Is it fasting? Yes. But the positive, purposeful, other-directed kind of fasting that Yahweh asks.
Other perhaps more modernly in-tune ways to hear this type of fasting? It’s the holding back from satisfying my immediate want for the sake of some greater good for the other.
A heavy strain in the culture sees it the other way. As in the wag who said “the problem with instant gratification is that it’s not fast enough.” Or, a like observation of one commentator that “for some people, the very first question to ask about anything is the WIFIM question – what’s in it for me?”
Fasting is about putting the brakes on that initial me-centered impulse, so as to free myself up for helping in a bigger universe.
And thus the vows, those promises Sr. Ellen will make in our presence today — actually reinforcing lots of intentions she’s had (and lived out) all along. These particular promises are meant to line up a person’s life more tightly with the north, south, east and west of the Gospel. They’re meant to free someone up to more closely follow that gospel way.
And so for instance, evangelical (i.e., gospel) poverty. Is there restraint involved? For sure, giving up, to a certain extent, the control of one’s property, agreeing to live from a common pot, as it were, as needs arise, looking in concrete ways to live in some solidarity with people who are economically up against it.
Restraint? Yes. But is there increased ability to help? Hopefully, yes too, in the willingness (and discipline) to forgo my every immediate want so as to help others to meet their needs.
Then there’s gospel chastity. A willingness to forgo the immediate and close blood-family for the sake of making the energy of one’s love more available to a wider family — especially again, the neediest of the families.
Evangelical Obedience. The promise to back off some from my own independence so I can work better with other people trying to follow a like vision — and once again, for the sake of helping others.
Then there’s the 4th Vow Daughters of Charity take: Service to the Poor. It becomes clear how this is the one that pulls together the other three.

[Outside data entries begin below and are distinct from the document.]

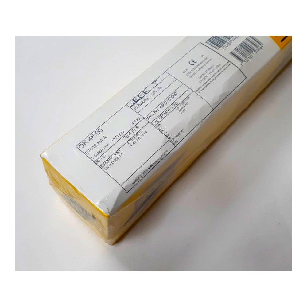 Nejrozšířenější OK bazická elektroda pro svařování nelegovaných a nízkolegovaných ocelí především označení P235/S235 až P420/S420 aj. Použitelná pro všechny polohy svařování s výjimkou polohy shora dolů. Obal se sníženou navlhavostí poskytuje houževnatý svarový kov odolný proti praskavosti s nízkým obsahem vodíku.
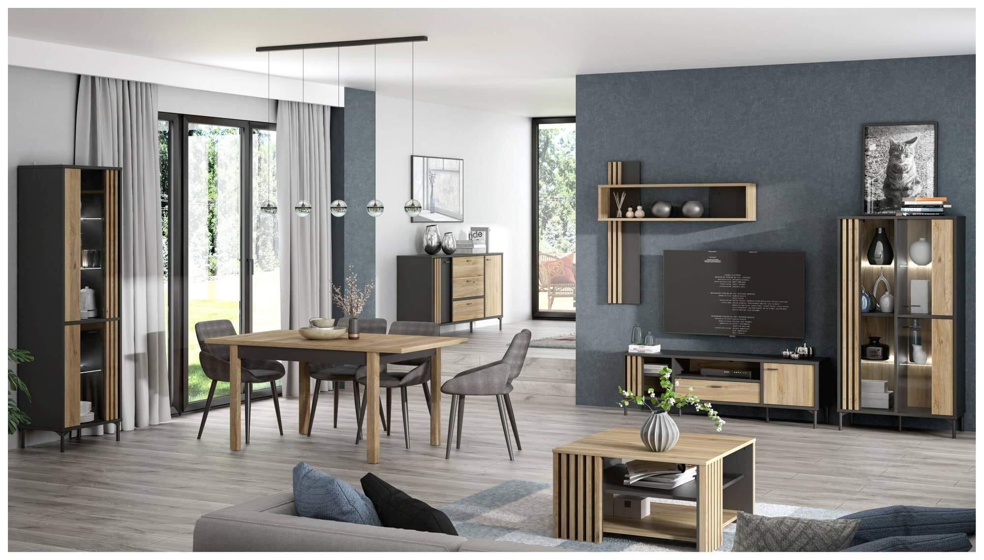 Dieser Tisch mag es gerne gesellig. Das heißt, Sie könnten ihm gleich seinen Kumpanen, das Sideboard oder die Vitrine gleichen Namens, zur Seite stellen.
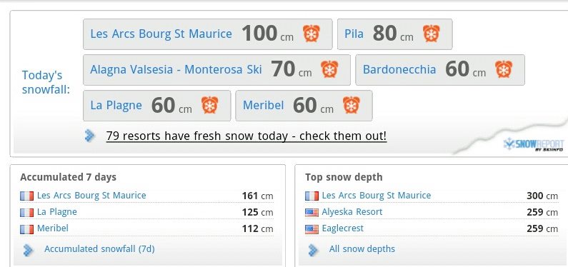 70 cm de chute à Arcs 2000 et 3 m de neige à l'Aiguille Rouge !!!
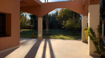 À l’extérieur, le jardin paysager entoure une vaste piscine avec son poolhouse, une maison de gardien et une majestueuse fontaine à l’entrée, offrant un cadre verdoyant et intime. La propriété bénéficie en outre de deux accès distincts, un avantage rare pour une villa de cette envergure à Targa.
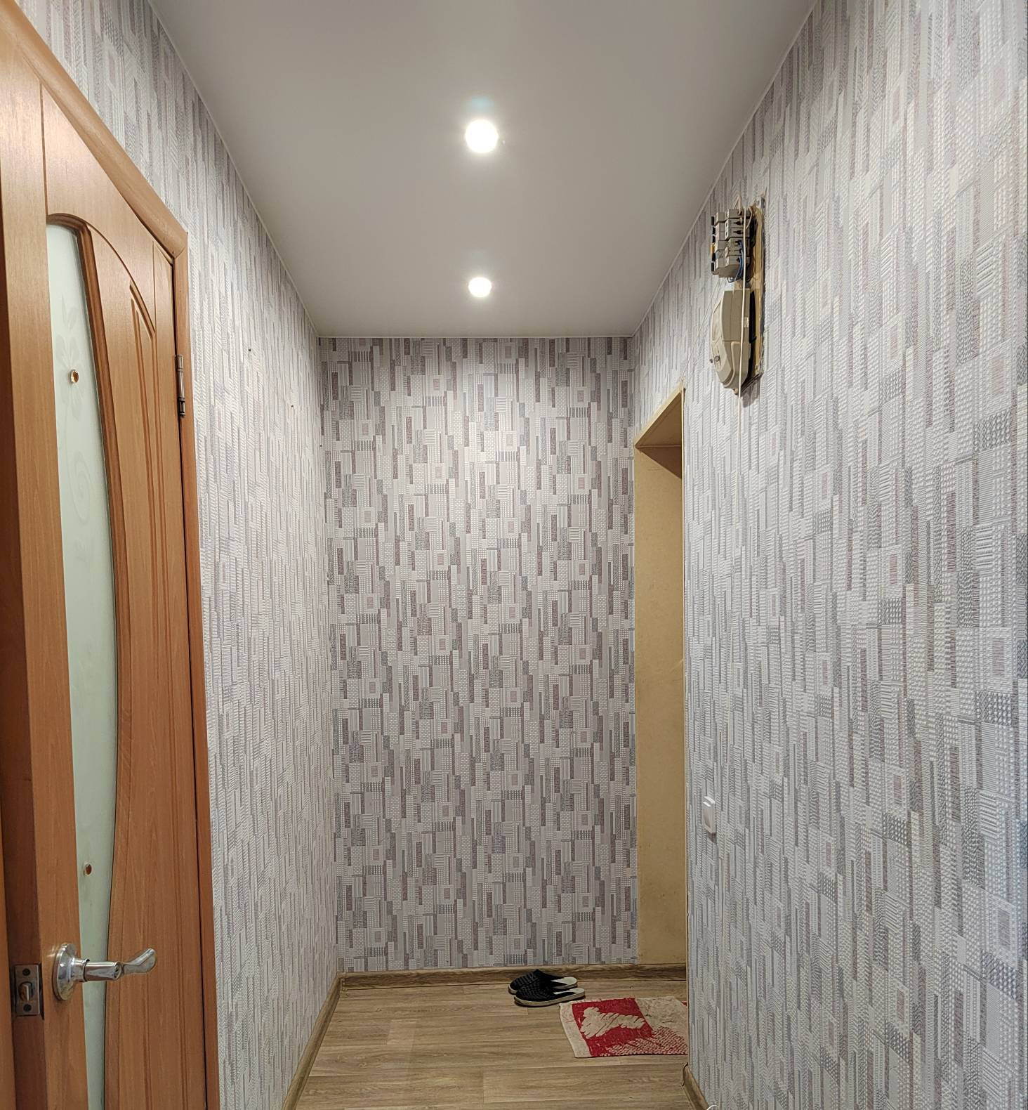 Просторная ниша-гардеробная для хранения вещей. Натяжные потолки. Санузел в кафеле. Бойлер. Окна пластик. Хорошая входная дверь.
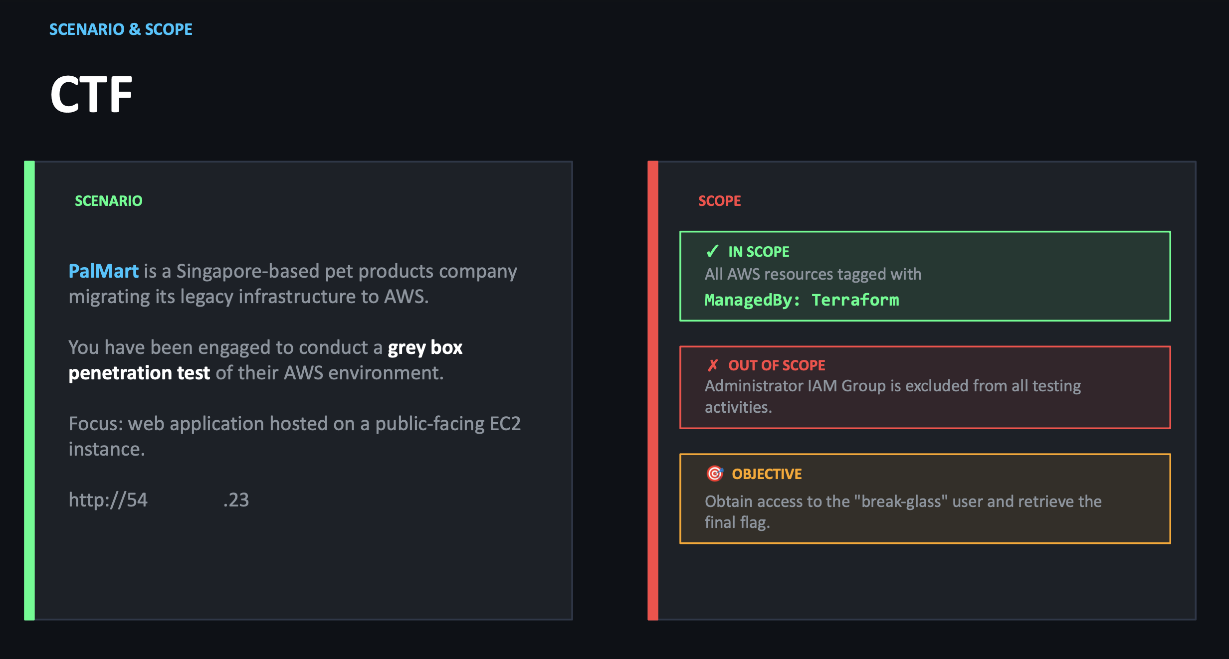 The lab scenario was a grey-box AWS assessment for a fictional company called Palmart. We were given an architecture diagram and a scoped objective: chain findings and misconfigurations until we could access a protected `break-glass` path and retrieve the final secret. What made the lab strong was the sequence. Each issue on its own looked small. Combined, they became a full compromise path.
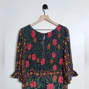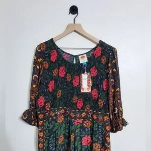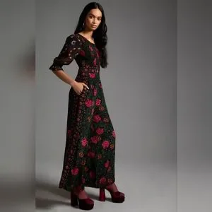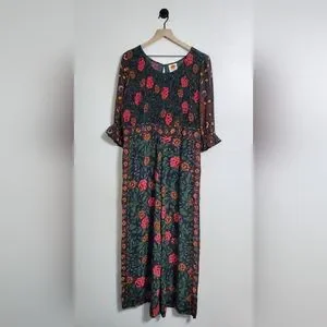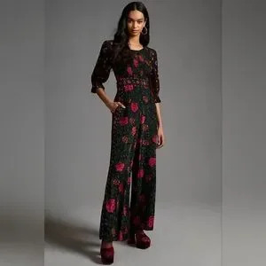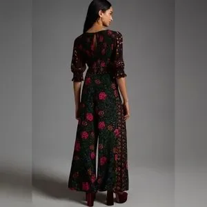 New with tags Farm Rio for Anthropologie Smocked Jumpsuit In Black Motif Size Extra Large.
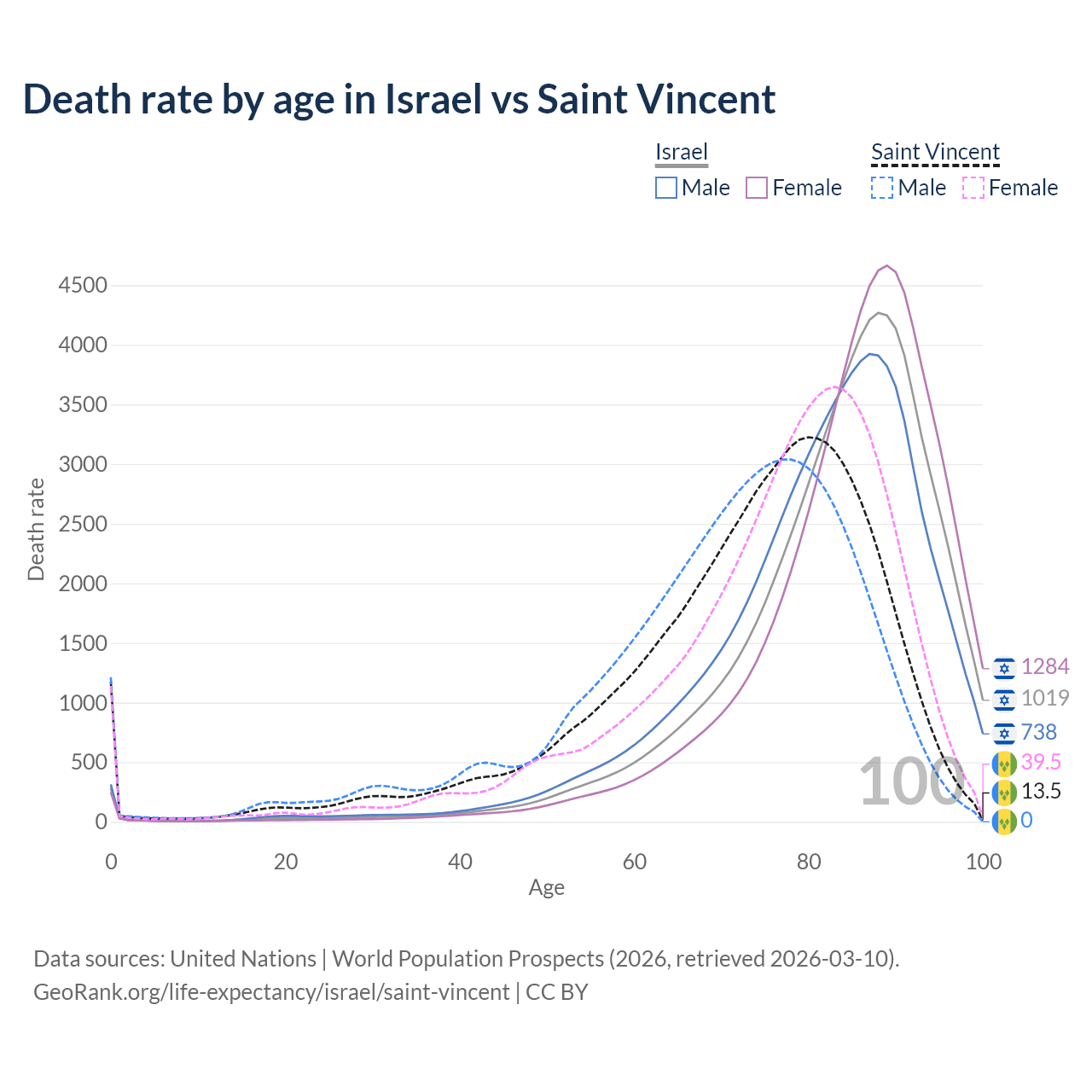 In Israel, the most common age of death is 88, compared to 80 in Saint Vincent. The median age of death is 85.6 in Israel and 75.6 in Saint Vincent, meaning only half of each cohort is expected to live past that age.

And that’s because it so pointedly sets out the direction of the whole enterprise; i.e., Yahweh’s signature brand of fasting, which would have me take the focus off myself alone, so as to put it on those hungry children sitting around the mother’s table, to put it on the homeless and the burdened down person.

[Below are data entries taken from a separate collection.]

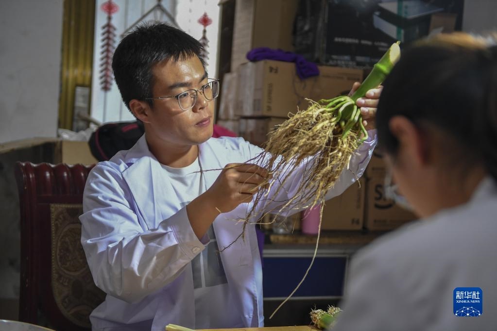 2021年8月2日,在吉林省梨樹縣四棵樹鄉(xiāng)三棵樹村“科技小院”,中國農業(yè)大學學生沙野查看玉米根系樣本。新華社記者 張楠 攝
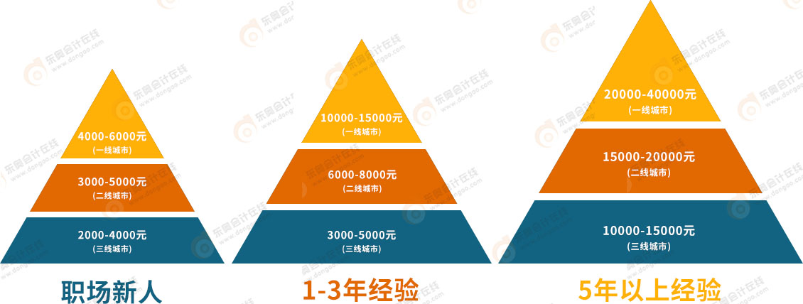 注册会计师的薪资水平在不同城市存在较大差异,此外,薪资水平还会受到工作年限的影响。从下图中我们能够看出,拥有5年及以上工作经验的注册会计师薪资水平相比职场新人和资历尚短的注册会计师要高出数倍!
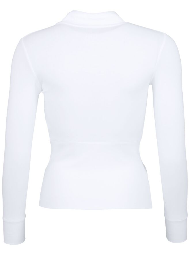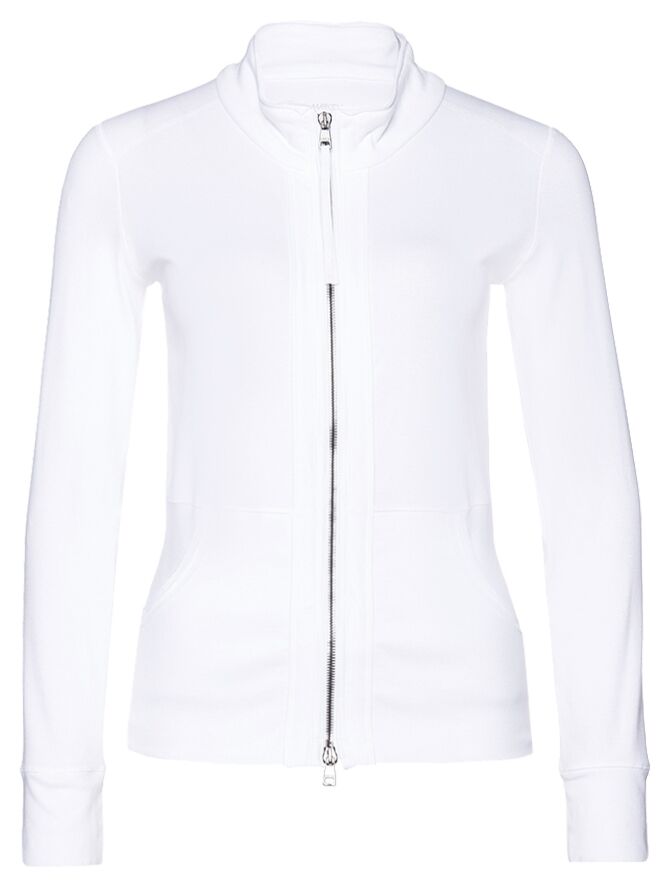 A short Cardigan by the brand Marc Cain in the color white. At the front are 2 bags, round cut. Along the zipper runs on both sides a solid band. This vest can be washed at 30 degrees.
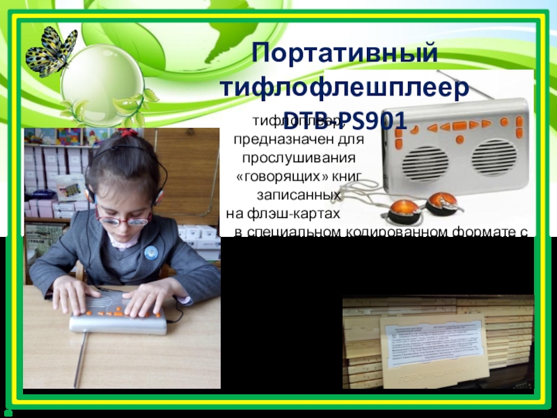 тифлоплеер, предназначен для прослушивания «говорящих» книг записанных

And so, in Ellen’s making promises today, we’re catching an echo of the sound God wants to hear coming from his people.
And that is, God’s insistence that we all “Cry out full-throated and unsparingly, lifting up our voices like a trumpet blast.” But further, that we make this cry through the sounding board of special kind of fasting. And again, not the self-referenced, flashy, “me-at-the-center” kind, but the type that “releases those bound unjustly, breaks the yoke on the oppressed, shares our bread with the hungry, clothes the naked and shelters the homeless.”

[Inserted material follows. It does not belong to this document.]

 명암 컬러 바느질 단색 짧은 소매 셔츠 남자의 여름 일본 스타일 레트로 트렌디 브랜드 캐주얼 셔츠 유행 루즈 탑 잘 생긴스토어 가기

That’s the kind of fasting these evangelical councils would embody. That’s the brand of it these gospel vows would put flesh on.
One final, not-quite-connected image for what’s happening here: “Open hands.”
Henri Nouwen made much of this, a picture of slowly relaxing hands that, rather than grasping something tightly, are opening and loosening up their hold.
For one thing, these hands are now in a better position to give, to hand over what it was they were so possessively holding onto before. But for another, they are now better able to receive. Now they’re open not just in their giving away, but in their ability to take in.
Our prayer for Ellen is that her vows (and renunciations) here, her promises to fast, so to speak, that they in fact open her hands not just so that they can give, but can also receive and abundantly so.
And indeed, receive the kind of things Yahweh promises in Isaiah’s words, “Then your light shall break forth like the dawn, and your wound be quickly healed. Your vindication shall go before you, and the glory of the Lord shall shine brightly in you and all around you.”